Plusieurs Vigiliens se sont intéressés à ce qui a pu conduire Mme Marois à présenter la Loi 204 comme elle l’a fait. Elle-même s’est expliqué et a reconnu une erreur de jugement. De tous les démissionnaires, Pierre Curzi est sans doute celui qui y est allé le plus fort. Selon lui, en entrevue aux Francs-tireurs, Pauline Marois aurait su ou deviné qu’il y aurait opposition à son projet de Loi 204, et elle aurait agi d’autorité pour clore le bec aux râleurs; de plus, elle aurait péché par électoralisme pour prendre les comtés de la ville de Québec aux prochaines élections. Les divergences des versions de Curzi et de Mme Marois sautent aux yeux, mais le focus est bien rarement mis sur les motifs de Curzi. Celui-ci prétend avoir défendu les droits fondamentaux des opposants à la loi 204 de recourir aux tribunaux, et vilipende au passage l’électoralisme de Mme Marois. Plusieurs croient au moins en bonne partie la version de Curzi. Je ne veux certes pas jeter de doutes dans leur esprit, mais je crois qu’il faut aller un peu plus loin dans l’analyse, et sonder les nobles motifs de Curzi.

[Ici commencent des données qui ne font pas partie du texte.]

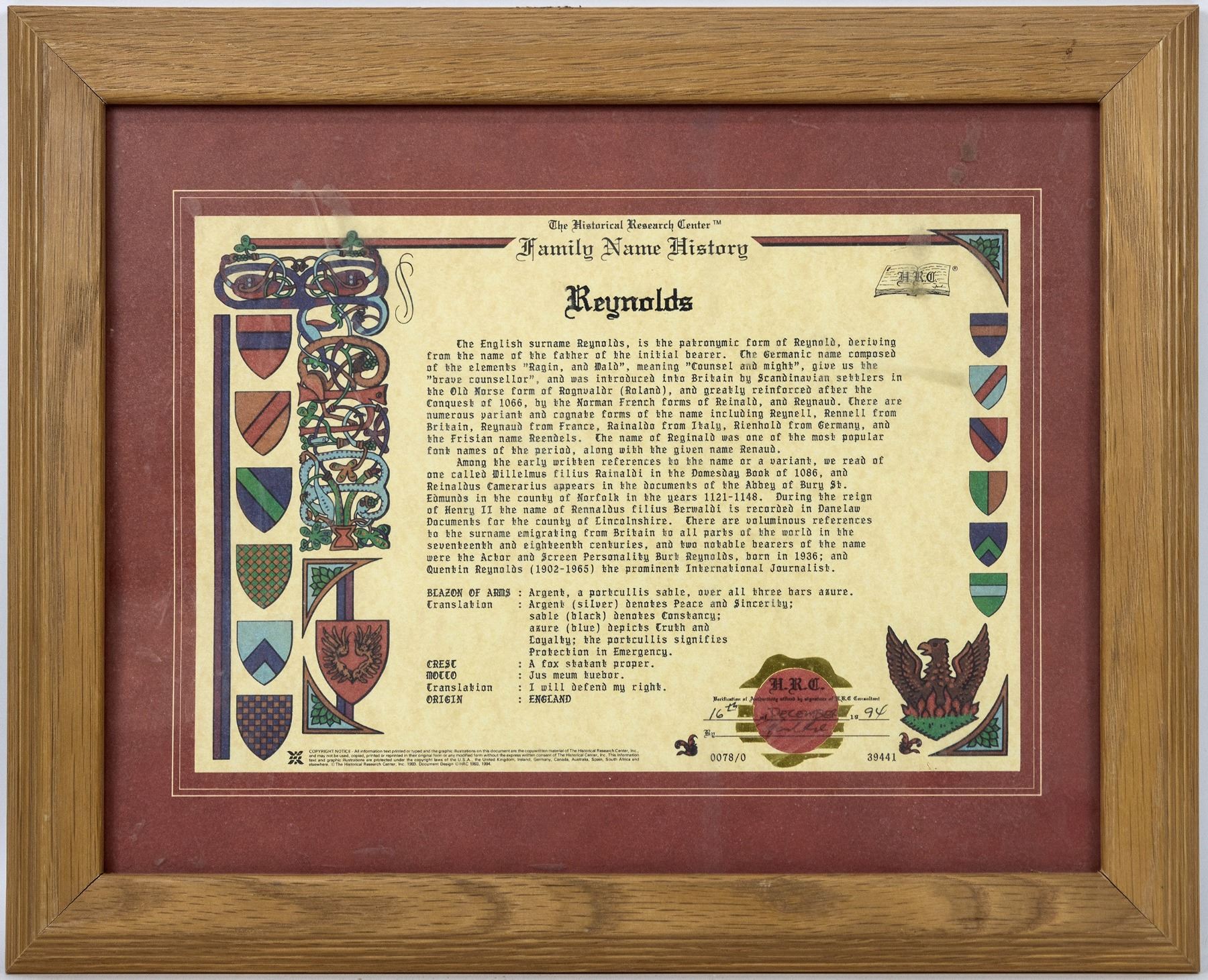 Origin of Reynolds family name from Germanic. Framed 13.25x 16.5.

Je veux bien croire qu’il n’en pouvait plus de supporter cet autoritarisme et cet électoralisme. Mais quand je vois qu’à partir de cet épisode malheureux d’aréna, il va jusqu’à proposer la proportionnelle comme remède à notre démocratie malade, je m’interroge. Partout où elle st utilisée, la proportionnelle a abouti à la dictature des minorités, elle va contribuer entre autres à diminuer encore et bien davantage le poids politique des régions du Québec, mais il se lance là-dedans tête baissée et y va d'une lettre ouverte dans La Presse. Voilà un remède bien pire que la maladie. Nous avons au Québec des problèmes bien plus urgents à discuter que ça, l’indépendance par exemple. Ce débat sera utile une fois le Québec indépendant, mais il nous fait perdre temps et énergie en attendant. Toutefois, la question se pose, est-ce vraiment pour guérir la démocratie malade au Québec qu’il a démissionné ?
Je ne prétends pas sonder les reins et les cœurs, mais permettez-moi un autre coup d’œil sur les raisons de cette démission. Pierre Curzi voulait prendre la place de Mme Marois, et son score au congrès (plus de 90 % d’appui, du jamais vu au PQ) l’en éloignait pour longtemps, sinon à jamais. Il aurait alors profité du premier faux pas de Mme Marois pour lui donner un croc-en jambe. Il y avait des façons d’éviter les démissions et tout ce qui a suivi. Jean-François Lisée en a montré une, d’autres sont imaginables, comme par exemple rester dans le parti et voter tout simplement contre la loi 204. Mais l’occasion était trop belle. Poser en grand défenseur des libertés fondamentales lui plaisait sans doute, devenir le pharmacien de notre démocratie malade est un rôle intéressant pour notre ancien comédien. Et il y va de condition pour faire un retour au PQ. Il ne se gêne pas pour faire du départ de Mme Marois la condition de son retour au PQ. Il n’y fera pas long feu s’il n’en est pas le chef. Examinons maintenant son accusation d’électoralisme contre Mme Marois, c’est grave ça, l’électoralisme.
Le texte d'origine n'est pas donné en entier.